A bank rate refers to the interest rate that the central bank charges commercial and domestic banks for lending funds to them. It is also called the discount rate, this rate is charged on all loans issued to commercial banks. One major way the central bank influences the economy is through the bank rate. This interest rate is often low and in turn gives room for the expansion of the economy.
Back to:BANKING, LENDING, & CREDIT INDUSTRY
How Does a Bank Rate Work?
In the United States, the bank rate is called the federal funds rate or the discount rate. This interest rate is set by the Board of Governors of the Federal Reserve System. It serves as a benchmark for interest collection on loans that the central bank advances to commercial banks. This rate is also a major requirement for banks as it helps keep the economy in check. Aside from the federal funds rate, the treasury security that the Federal Open Market Committee (FOMC) trades also have a significant impact on the economy. These are parts of the monetary policy adopted in the United States.

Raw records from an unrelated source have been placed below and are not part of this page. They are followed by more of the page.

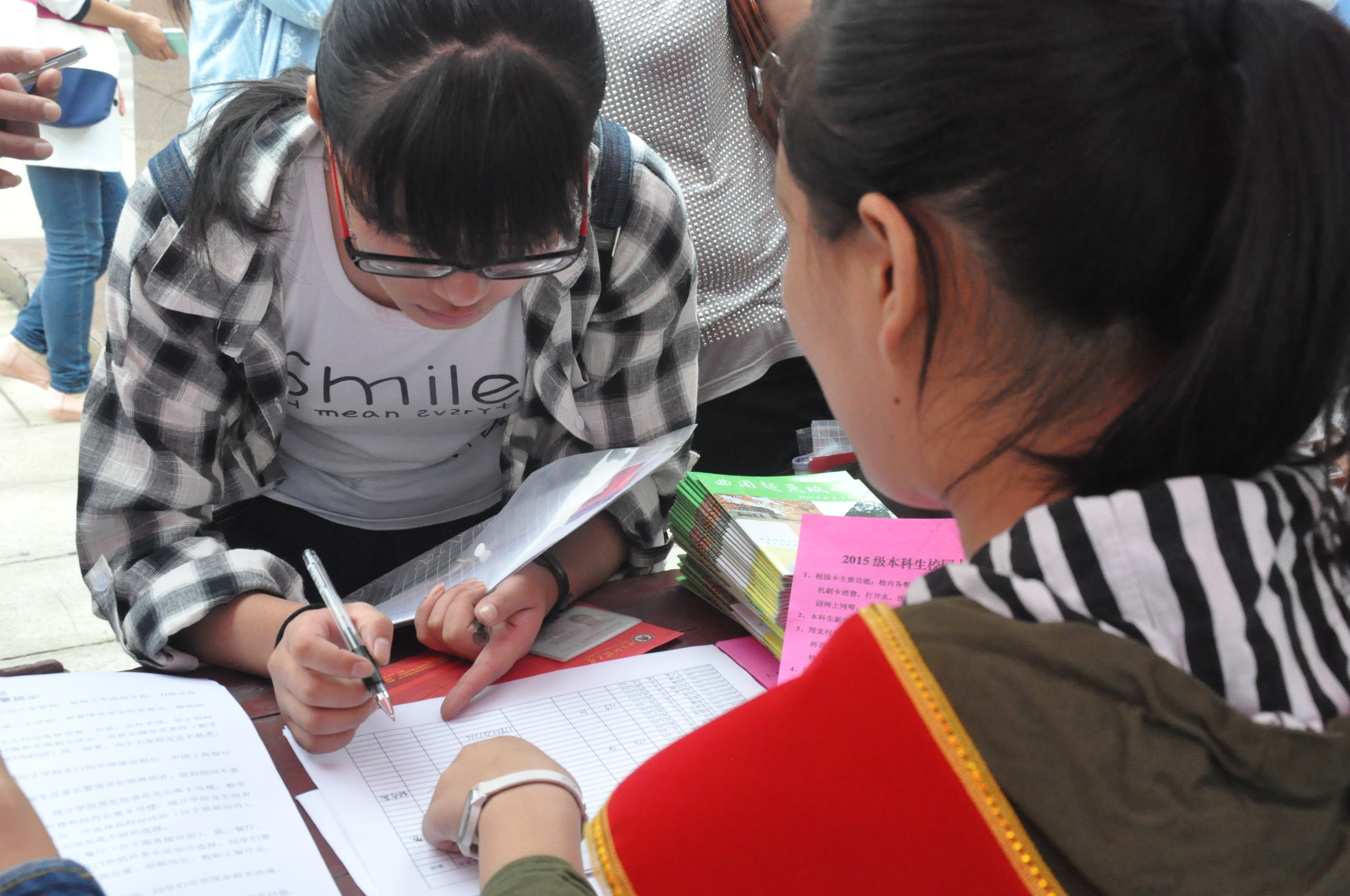 14级辅导员杜晨曦、15级辅导员郅艳梅莅临迎新现场视察工作。
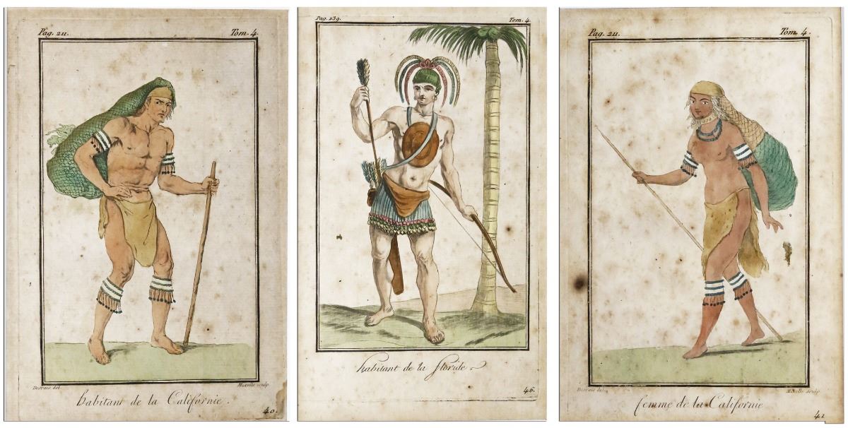 Lot of 3 French prints of Florida and California natives by Claude Louis Desrais and engraved by Jea
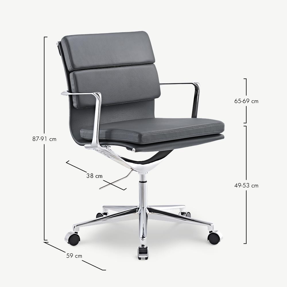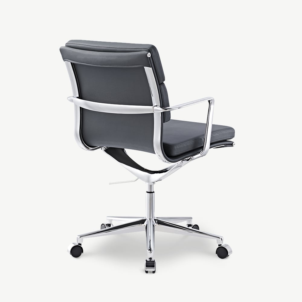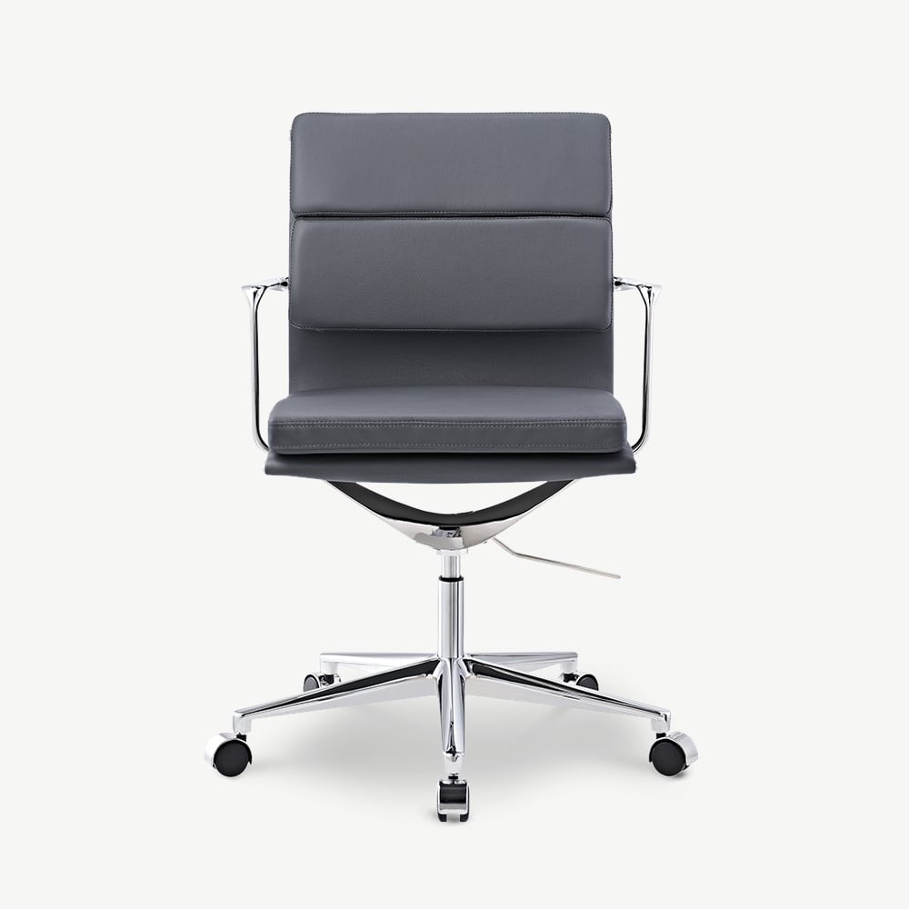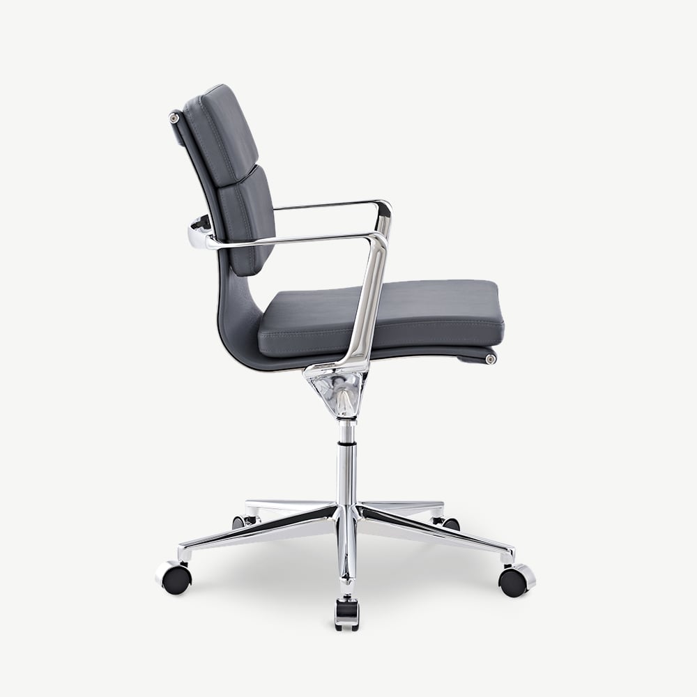 De Bern Softpad Bureaustoel combineert een laag rugleuningontwerp met premium grijsbruine leren bekleding, wat zorgt voor comfort en elegantie. De gewatteerde rugleuning en zitting bieden een ondersteunende oplossing voor de werkplek, ideaal voor moderne kantoren of thuisomgevingen.
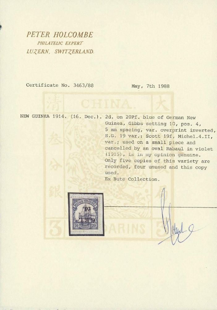 | Prüfgebiet: | Deutsche Kolonien Deutsch-Neuguinea Britische Besetzung |
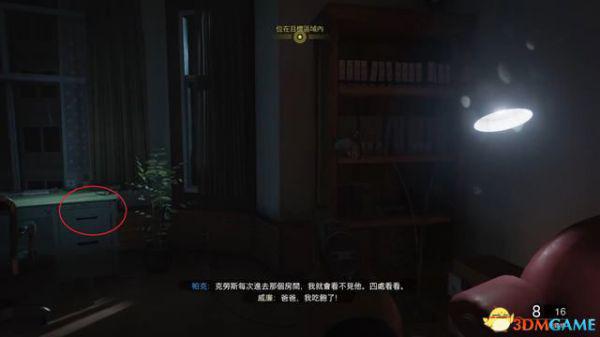 这个字条可以在进入克劳斯房间后,潜伏等她妻子离开。

Discount Rate Versus Overnight Rate
The discount rate or bank rate is not the same as the overnight rate. While the bank rate refers to the rate the central bank charges commercial banks for lending them funds, the overnight rate is charged by banks when they borrow other banks funds. To be clear, bank rate is charged by the Central Bank to banks while the overnight rate is charged by a bank to another bank. There are cases where banks borrow funds from each other and the bank lending the money charges a percentage as interest called the overnight rate. Usually, if the bank rate is lower than the overnight rate, banks go to the central bank for funding.
How the Bank Rate Affects Consumer Interest Rates
Bank rates or discount rates have significant effects in the consumer interest rates. Usually, most banks charge their customers using an interest rate close to the overnight rate, however, this is only applicable for customers with good credit rating. Customers that do not have high creditworthiness are exposed to higher invest rates when they go to banks for funding. Bank rate directly affects consumer interest rates, the higher the bank rate, the higher the consumer interest rates. When central banks also charge low bank rates, consumer interest rates are lower.